In a perplexing manner, athletic pursuits have paralleled this unbridled obsession. Whilst the public clamors for its confused emaciated image of the perfect body, but leaves the fruits of an educated mind to rest, it lustfully pushes itself toward a myriad of complex and potentially life-threatening surgeries. Mirroring this, the modern athlete of today, now chooses the path of least resistance, or more appropriately begs and hunts for short-cuts that are not there. Choosing the seemingly easy route, whether that be in exercise selection or illegal performance enhancing drugs – the impact of this has pushed the course of athletes off-base on the road to disappointment.

True athletic accomplishments come from the development of the solid formation of generalized and diverse athletic abilities in conjunction with an iron will as noted previously as the Renegade wheel of conditioning. It will serve you like a foundation of proverbial bricks and mortars, an impenetrable structure in which all future development and specific skills to be laid upon.

The failure of most exercise programs or lets say a common omission is simple the first step and the possession of overriding themes and concepts of training. Training should not simply be done to train but to teach the body to move in the manner it was meant to. Muscular development occurs vis-à-vis the purposeful teaching of the proper bio-mechanical co-ordination of movement. In line with the Renegade concepts of training this extends to the management of stabilization as it pertains to the withstanding, propelling and re-directing of force with joint and core strength and ensuring proper postural alignment. Therefore as we cut through the complexities of training we see that “core” of expertise lays the central concern of proper postural alignment and core strength.

While numbers are chased in weight rooms for either athletic or aesthetic reasons – the route to do so is through the establishment, or more aptly put – the perfection of postural alignment. Teaching the body to work in the most efficient manner it was meant to and eliminating imbalances in strength and range of motion. However in the modern gym facility, in lieu of more challenging weight bearing movements that will impact upon the core, range of motion and postural alignment, the exercise enthusiast and the athlete alike have been sold quick-fix solutions. These “solutions” in a peculiar twist of fate are in fact leading to a myriad of problems, injuries and unattained performance goals.

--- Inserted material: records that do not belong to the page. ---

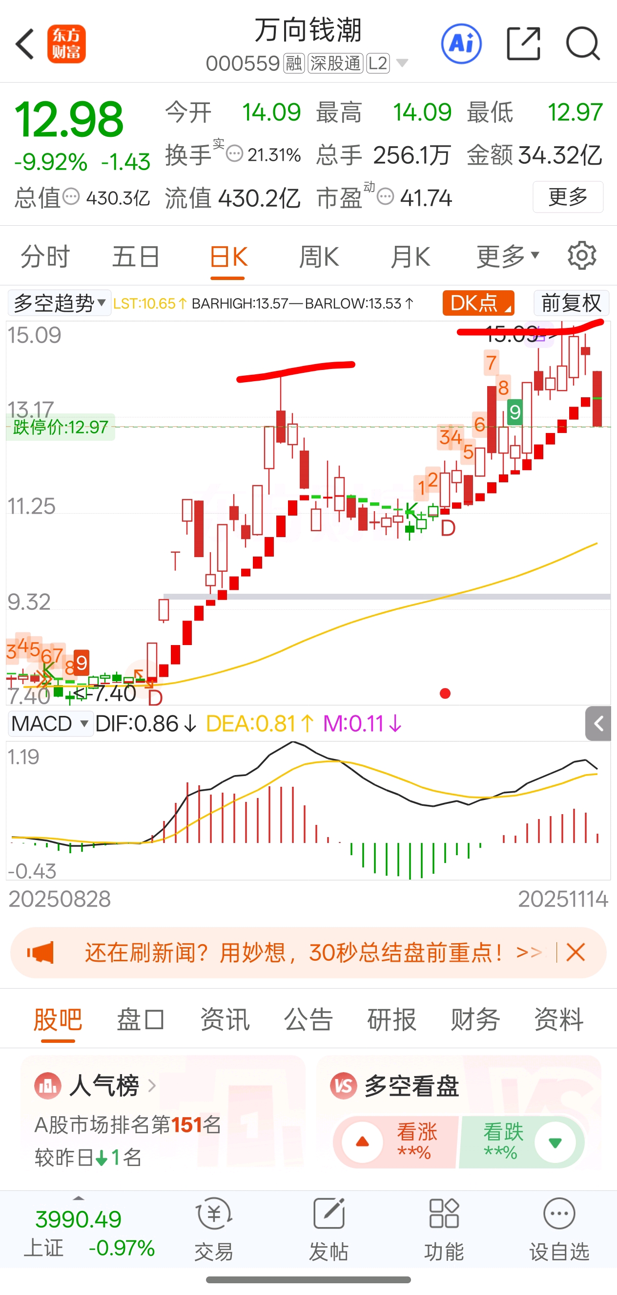 $万向钱潮(SZ000559)$ 虽然我早就跑了,但依旧看好走第三波,等回调结束大概下星期一可以建仓
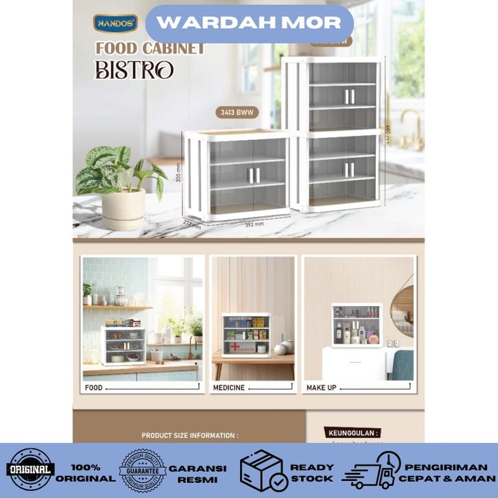 NAIBA Tempat Penyimpanan Makanan Tertutup Bahan Plastik PUTIH Transparant Bening FOOD CABINET BISTRO WARDAH MOR
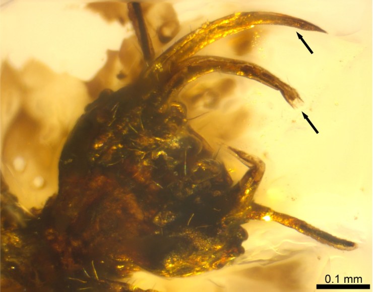 The larvae were almost certainly trapped by resin while clutching the eggs from which they had freshly emerged. Such behaviour is common among modern relatives while their body hardens and their predatory jaws become functional. Indeed, the two mouthparts forming the jaws are not assembled in most of the fossil larvae, which indicates, together with the large relative size of the head and legs, that they were recently born.
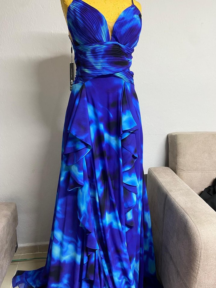 Bu dar kesim abiye elbise, koyu mavi batik desenli, drapeli detaylara ve askılı V yaka tasarıma sahiptir, partiler için uygundur.
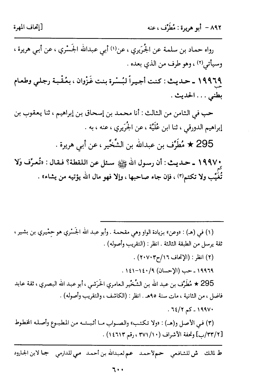 ـ مُطَرف بن عبد الله بن الشِّخير، عن أبي هريرة.
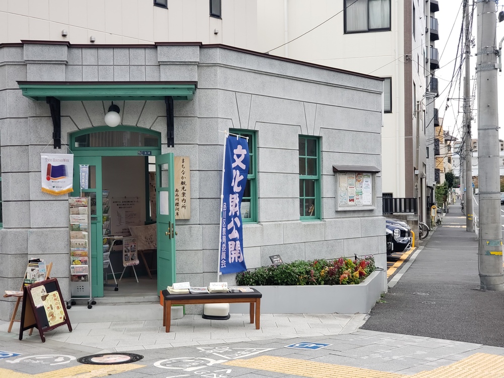 この建物は、品川警察署品川橋交通待機所だった場所で、昔の面影を残すレトロなデザイン。地元から保存の要望が根強く、現在は観光案内所として使われています。
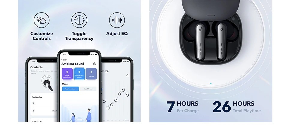Target ambient noises indoors, outdoors, and while traveling on the train, subway, or bus for a distraction-free listening experience. Switch between modes depending on where you’re listening via the soundcore app.
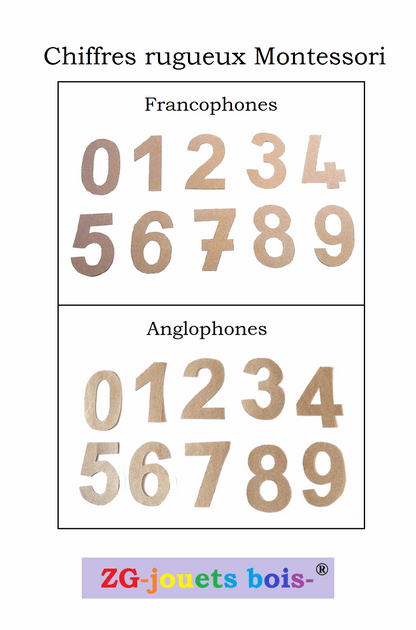 Montessori rough numbers, mathematical materials, cut-outs, sandpaper, sensory discovery, number learning, French craftsmanship
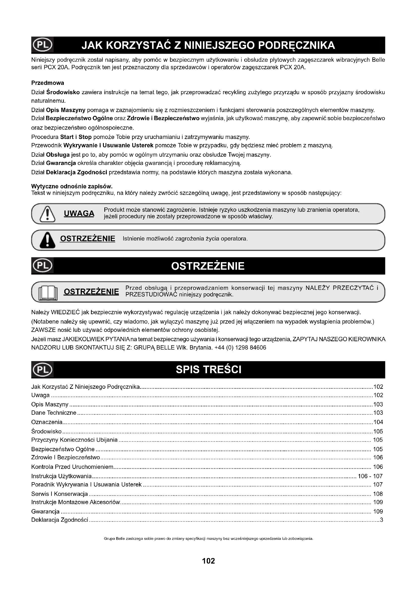 - OSTRZE¢ENIE Produkt moe stanowi zagroenie. Istnieje ryzyko uszkodzenia maszyny lub zranienia operatora, jeeli procedury nie zostay przeprowadzone w sposób waciwy. UWAGA Naley WIEDZIE jak bezpiecznie wykorzystywa regulacj urzdzenia i jak naley dokonywa bezpiecznej jego konserwacji. (Notabene naley si upewni, czy wiadomo, jak wyczy maszyn ju przed jej wczeniem na wypadek wystpienia problemów.) ZAWSZE nosi lub uywa odpowiednich elementów ochrony osobistej. Jeeli masz JAKIEKOLWIEK PYTANIA na temat bezpiecznego uywania i konserwacji tego urzdzenia, ZAPYTAJ NASZEGO KIEROWNIKA NADZORU LUB SKONTAKTUJ SI Z: GRUP BELLE Wlk. Brytania. +44 (0) 1298 84606 Grupa Belle zastrzega sobie prawo do zmiany specyë kacji maszyny bez wczeniejszego uprzedzenia lub zobowizania. Niniejszy podrcznik zosta napisany, aby pomóc w bezpiecznym uytkowaniu i obsudze pytowych zagszczarek wibracyjnych Belle serii PCX 20A. Podrcznik ten jest przeznaczony dla sprzedawców i operatorów zagszczarek PCX 20A. Przedmowa Dzia ¡rodowisko zawiera instrukcje na temat tego, jak przeprowadza recykling zuytego przyrzdu w sposób przyjazny rodowisku naturalnemu. Dzia Opis Maszyny pomaga w zaznajomieniu si z rozmieszczeniem i funkcjami sterowania poszczególnych elementów maszyny. Dzia Bezpiecze£stwo Ogólne oraz Zdrowie i Bezpiecze£stwo wyjania, jak uytkowa maszyn, aby zapewni sobie bezpieczestwo oraz bezpieczestwo ogólnospoeczne. Procedura Start i Stop pomoe Tobie przy uruchamianiu i zatrzymywaniu maszyny. Przewodnik Wykrywanie i Usuwanie Usterek pomoe Tobie w przypadku, gdy bdziesz mie problem z maszyn. Dzia Obs¤uga jest po to, aby pomóc w ogólnym utrzymaniu oraz obsudze Twojej maszyny. Dzia Gwarancja okrela charakter objcia gwarancj i procedur reklamacyjn. Dzia Deklaracja Zgodno¥ci przedstawia normy, na podstawie których maszyna zostaa wykonana. Wytyczne odno¥nie zapisów. Tekst w niniejszym podrczniku, na który naley zwróci szczególn uwag, jest przedstawiony w sposób nastpujcy: Jak Korzysta Z Niniejszego Podrcznika p. 102
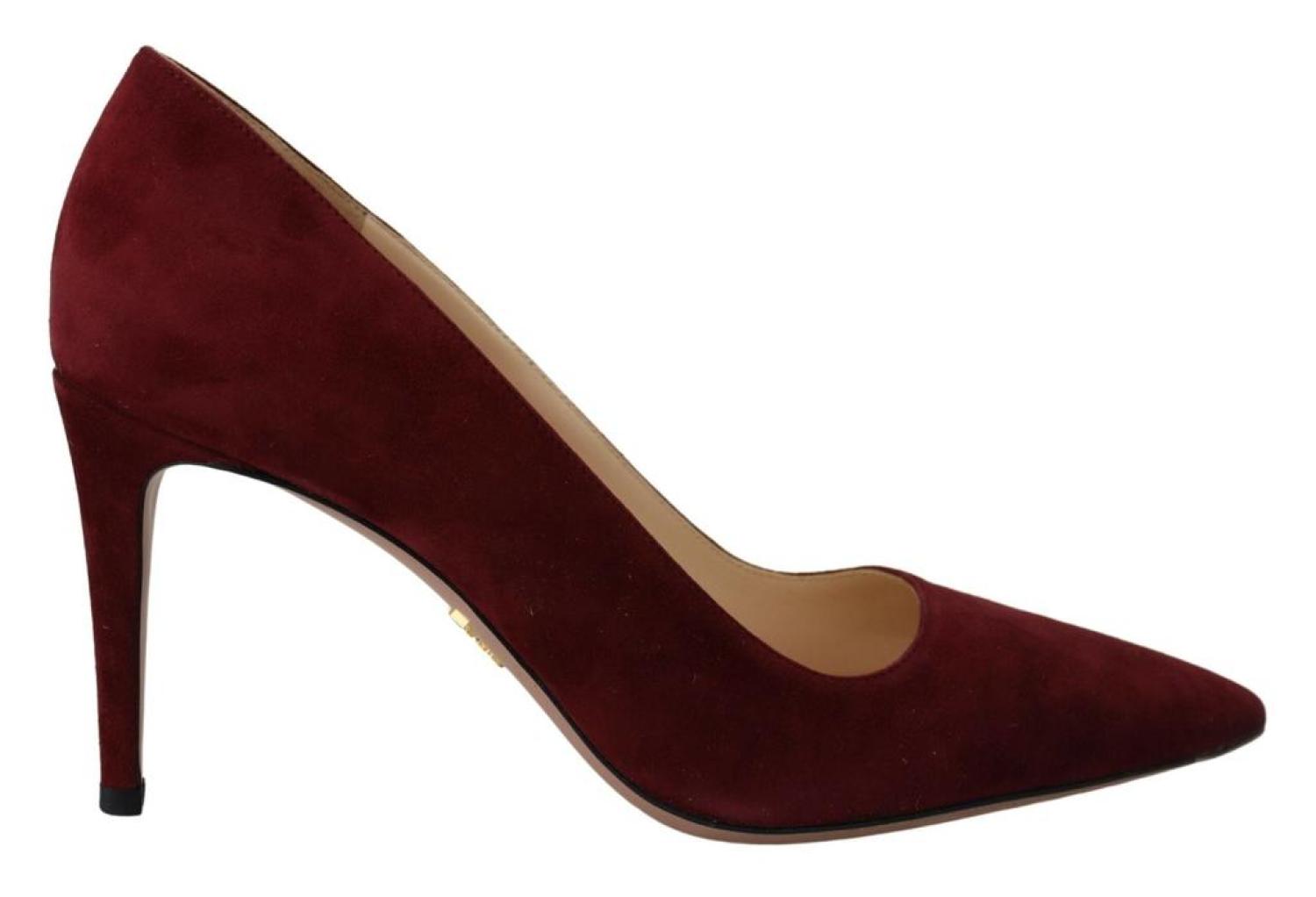 PRADAGorgeous brand new with tags, 100% Authentic PRADA heels pumps shoes.Model - Heels pumpsColor - Dark RedLeather bottom soleLogo detailsMade in ItalyVery exclusive and high craftsmanshipMaterial - 100% Suede Leather

Yet this is what makes the Xvest such an extraordinary and rare exercise tool. It is not a technical skill to be learnt, such as performing an Olympic lift or even a unique medium such as a kettlebell and nor does it involve debates regarding various training systems. Simply it is the perfect medium to increase weight-bearing loads on the core in both active exercise or passively wearing during your day.

By re-enforcing proper movement with the use of the Xvest you are unequivocally strengthening the core in the most direct and simple manner possible and with that be on the way to attaining your goals.